Notice that the physical operator has been changed to a loop. Also
notice that the cost of the query has shifted away from the JOIN operator: the highest relative cost (76%) of the plan is spent reading the data from the TestUserType index.
But the tuning exercise
isn't over just yet. If you hover your cursor on the TestUserType_001
index, you see that the loop performed a lookup (index seek) on that
index 50 times (look for Number of Executions in Figure 7)! This isn't great, but it's probably better than without the index, because SQL Azure picked this new execution plan.

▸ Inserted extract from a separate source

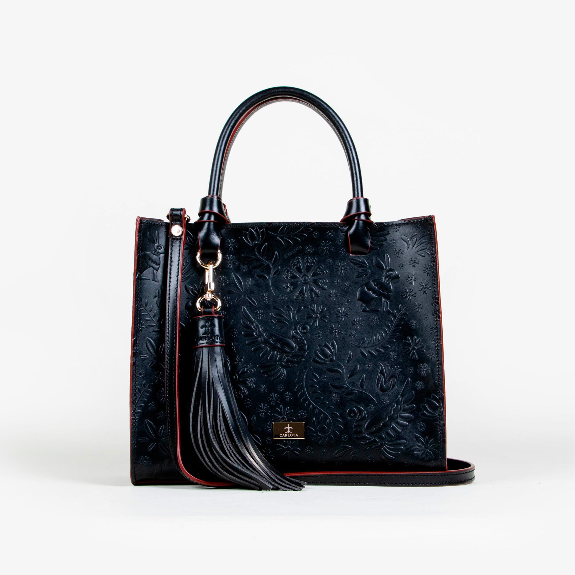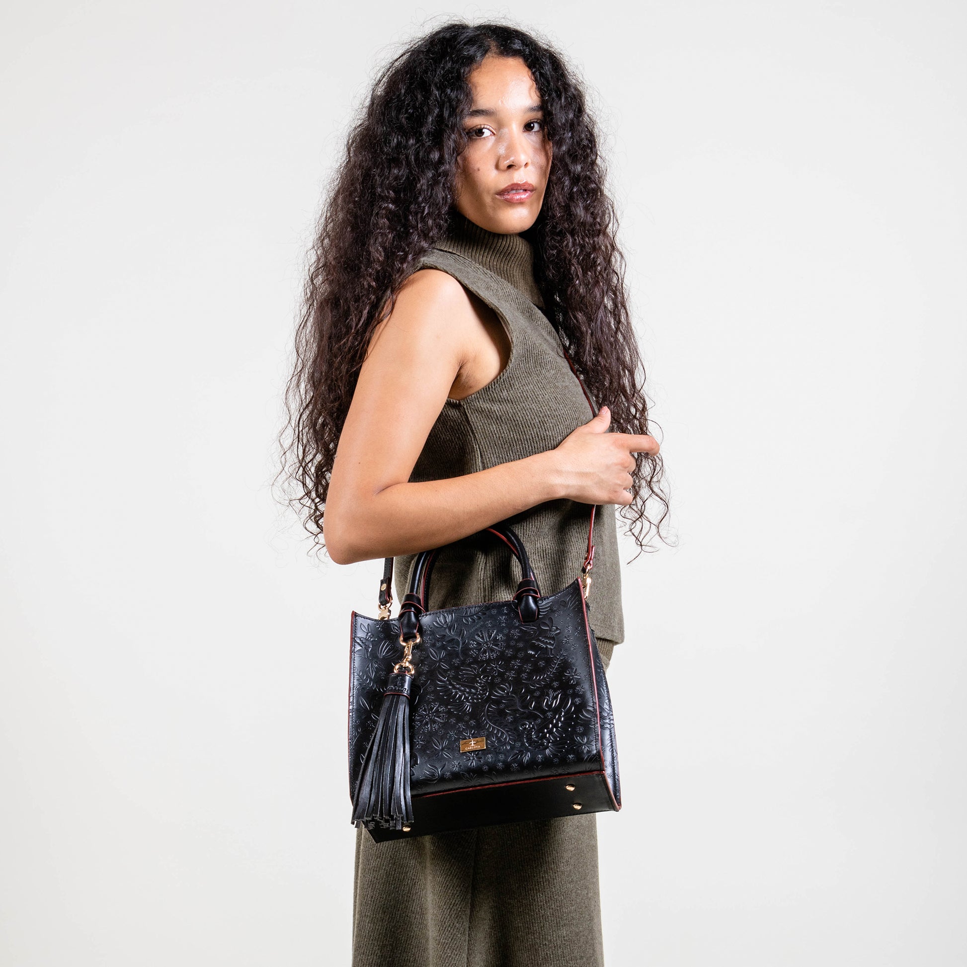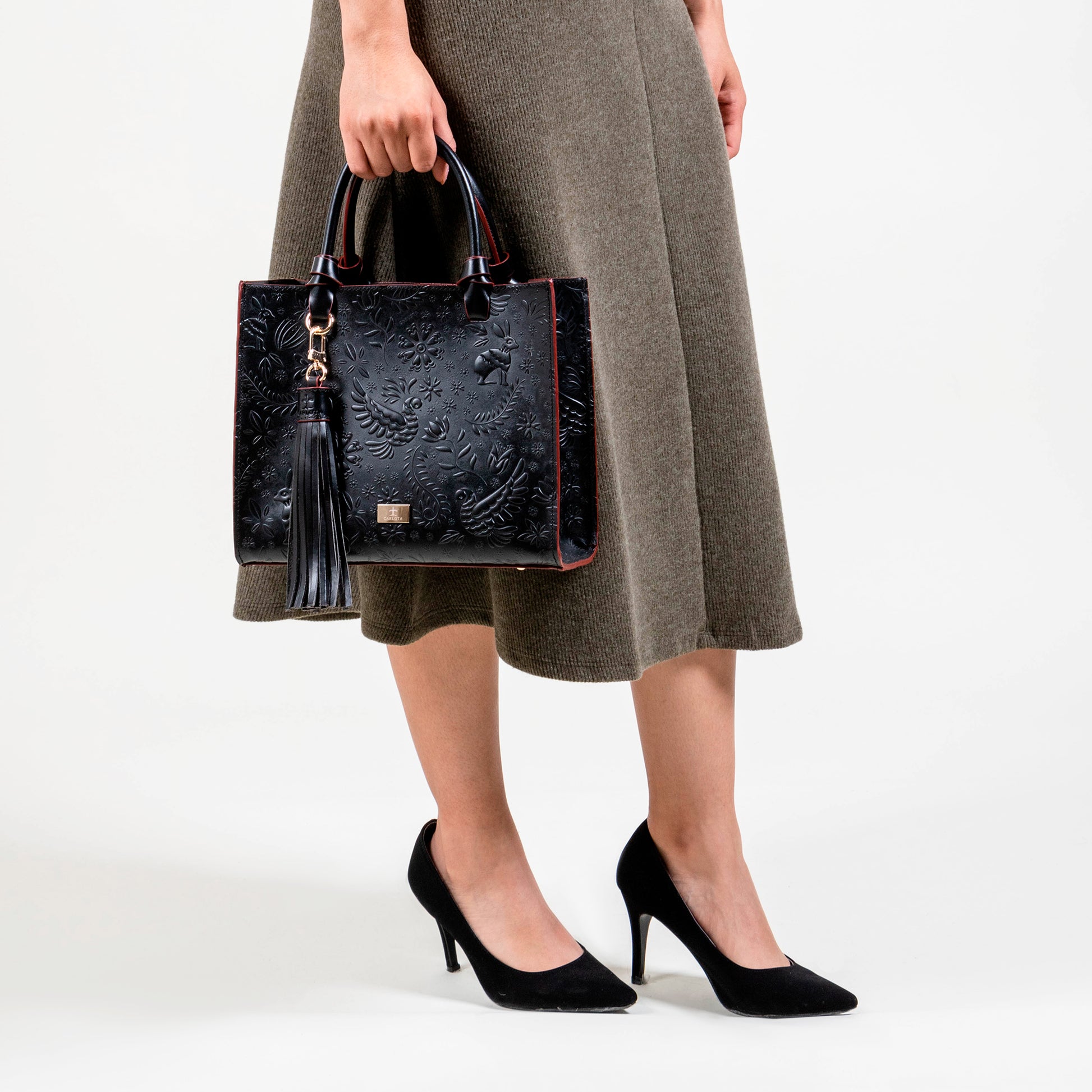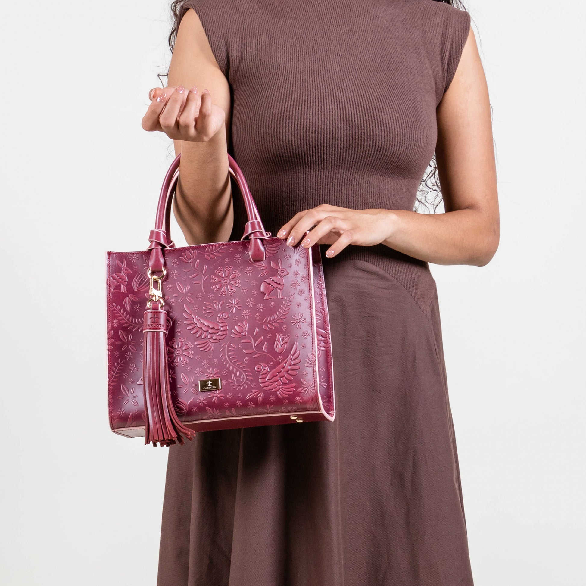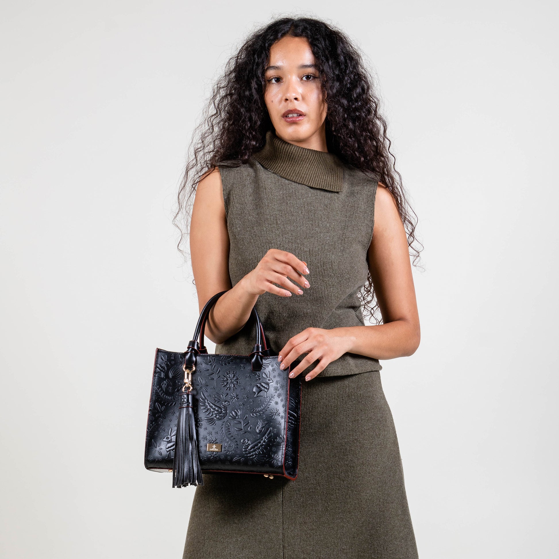 Te presentamos nuestra bolsa Mini Tote, un accesorio compacto pero lleno de estilo. Con un tamaño perfecto para tus complementos esenciales, esta bolsa cuenta con un bolsillo interno que asegura su organización y facilidad de uso. Su asa al hombro permite ser llevada a cualquier lugar y su asa removible te ofrece comodidad. Cuenta con un charm decorativo que brinda un toque único y especial, mientras sus elegantes herrajes dorados y textura de relieve enriquecen su diseño. Inspirado en la leyenda de la liebre, esta bolsa simboliza agilidad y elegancia en cada detalle.

To reduce the number of lookups, you can change the order of the fields by creating a new index. Let's run this statement:
CREATE INDEX idx_testusers_002 ON TestUsers
(UserType, AgeGroup) INCLUDE (Name)
NOTE
Instead of creating a new
index, you could change the one previously created. However, when
troubleshooting database performance issues, it's important to see how
the SQL Azure query engine behaves; SQL Azure chooses the index it deems
the most effective. So go ahead—create as many indexes as you want
until you have a good execution plan, and then clean up the unnecessary
indexes when you're finished.
If you run the statement again, you see a result close to Figure 8.

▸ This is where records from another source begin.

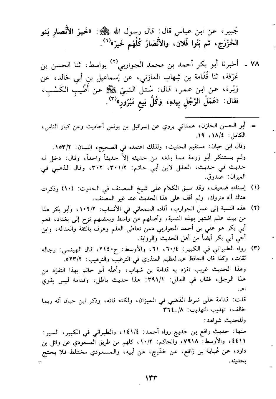 78- أخبرنا أبو بكر أحمد بن محمد الجواربي بواسط، ثنا الحسن بن عرفة، ثنا قدامة بن شهاب المازني، عن إسماعيل بن أبي خالد، عن وبرة، عن ابن عمر، قال: سئل النبي صلى الله عليه وسلم عن أطيب الكسب، فقال: ((عمل الرجل بيده، وكل بيعٍ مبرورٍ)) .
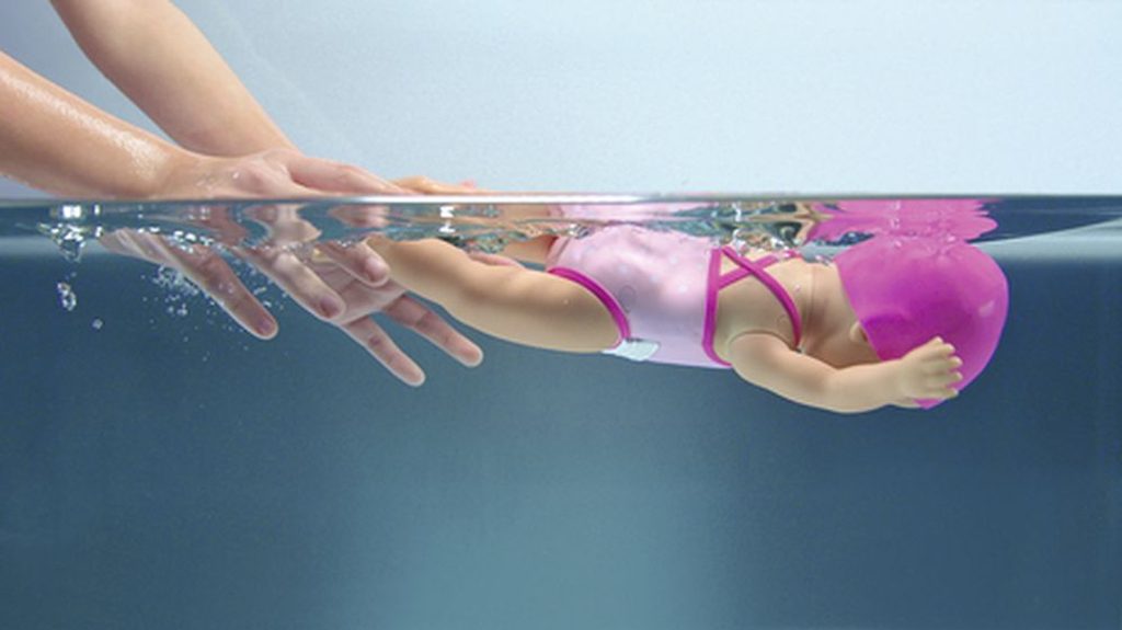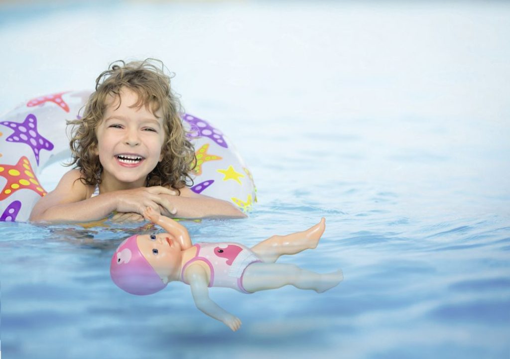 Malá holčička už se toho na hodině plavání tolik naučila. Nejraději má kraul a motýlka. Když plave kraul, střídá ve vodě jednu ruku za druhou, u motýlka rukama hýbe nastejno. A vše bez baterií! Stačí panence natáhnout ruce dozadu a je připravena na další kolo. Když jí ruce uvolníš, začne ve vodě plavat. Nohy a hlava „malého delfína“ jsou také pohyblivé, takže Plaváček může sedět na okraji bazénu a pozorovat svou maminku a tatínka. Plavací čepice a roztomilé plavky s motivem kačenky Berty a s legračními volánky jsou natištěny přímo na těle panenky jako reliéf.
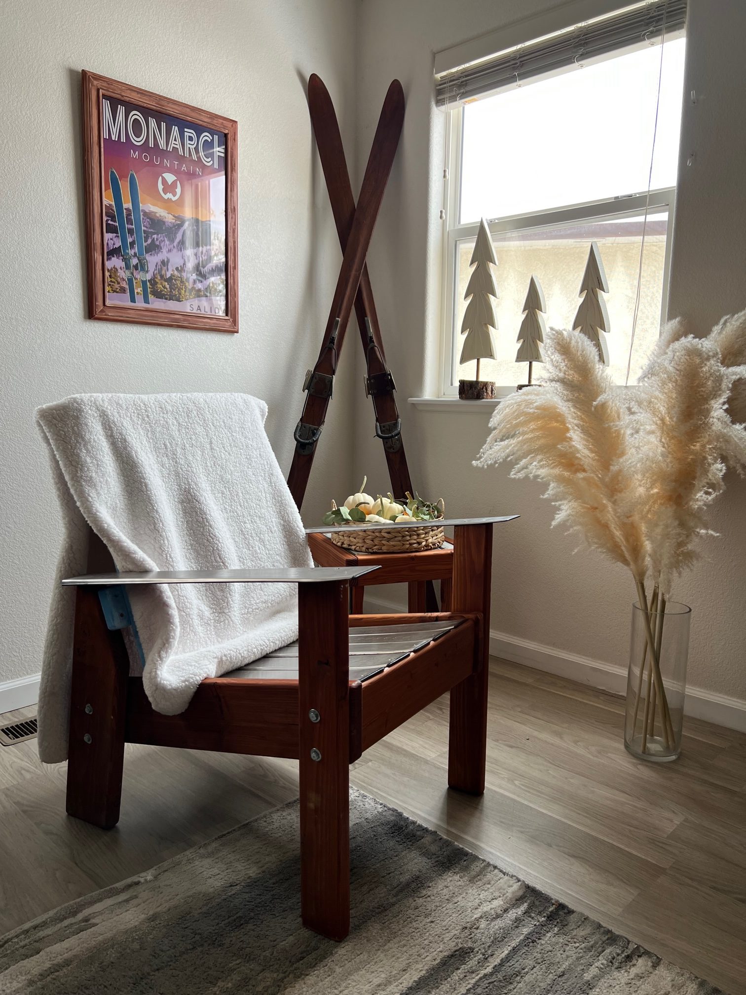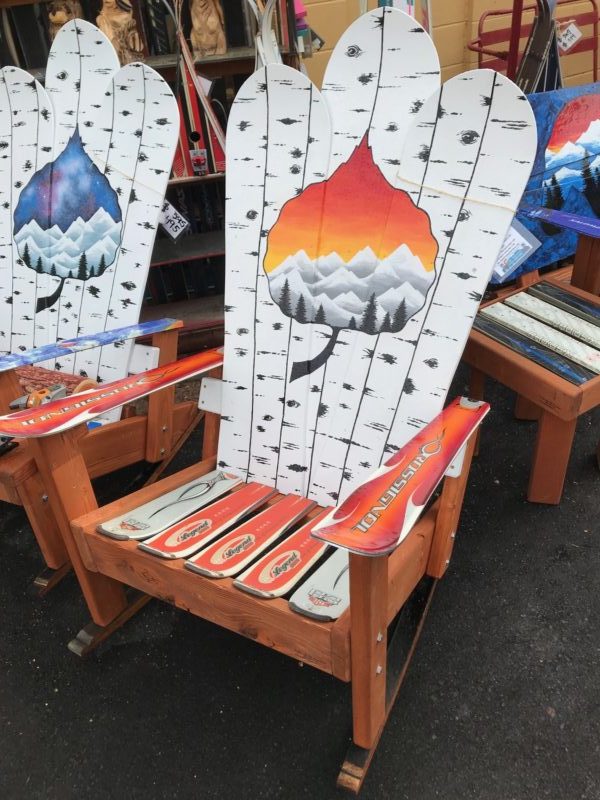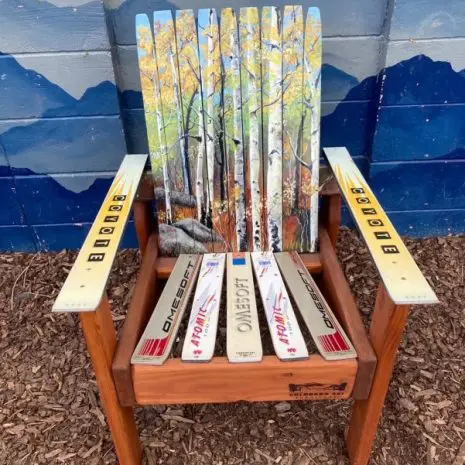 Constructed from retired skis on a Douglas Fir base, all of our furniture is incredibly durable and made to last wear and tear of indoor or outdoor elements.

The execution plan is now well balanced. The data search is virtually
equal on both tables (49%), with seek operations on both; the number of
executions is 1 for both; and the cost of the loop operation is minimal
(2%) because there is no real looping taking place.
If you pay attention to the
Actual Number of Rows value, you see that this statement fetches only 25
records from the underlying table, instead of 50; this reduces disk
reads.
Last but not least, if you were to look at the SELECT
statement from a design standpoint, you could ask whether the
UserTypeKey value should be unique. The table schema doesn't carry a
unique index on that field, but should it? Can there be only one Manager
user type? If the answer is yes, then you know the TestUserType table
will always return a single record for a Manager user type, in which
case you may be able to remove the JOIN entirely and apply the WHERE clause on the TestUsers table directly:
SELECT T.Name, T.UserType
FROM TestUsers T
WHERE T.AgeGroup > 0 AND T.UserType = 1
Not only is this
statement much simpler, but the execution plan becomes trivial, meaning
that SQL Azure can serve this request without spending much time
optimizing it. This change means you're moving the filter from a table
with few records (only 3 in TestUserType) to a table with many records
(100 in TestUsers). And whenever you have the option to make such a
move, you should. SQL Azure spends far fewer resources this way. Of
course, such a move isn't always possible, but you need to know the
importance of having a proper database design before you begin tuning.
NOTE
Performance tuning can be fun. However, you may end up tuning forever if you don't set yourself performance objectives.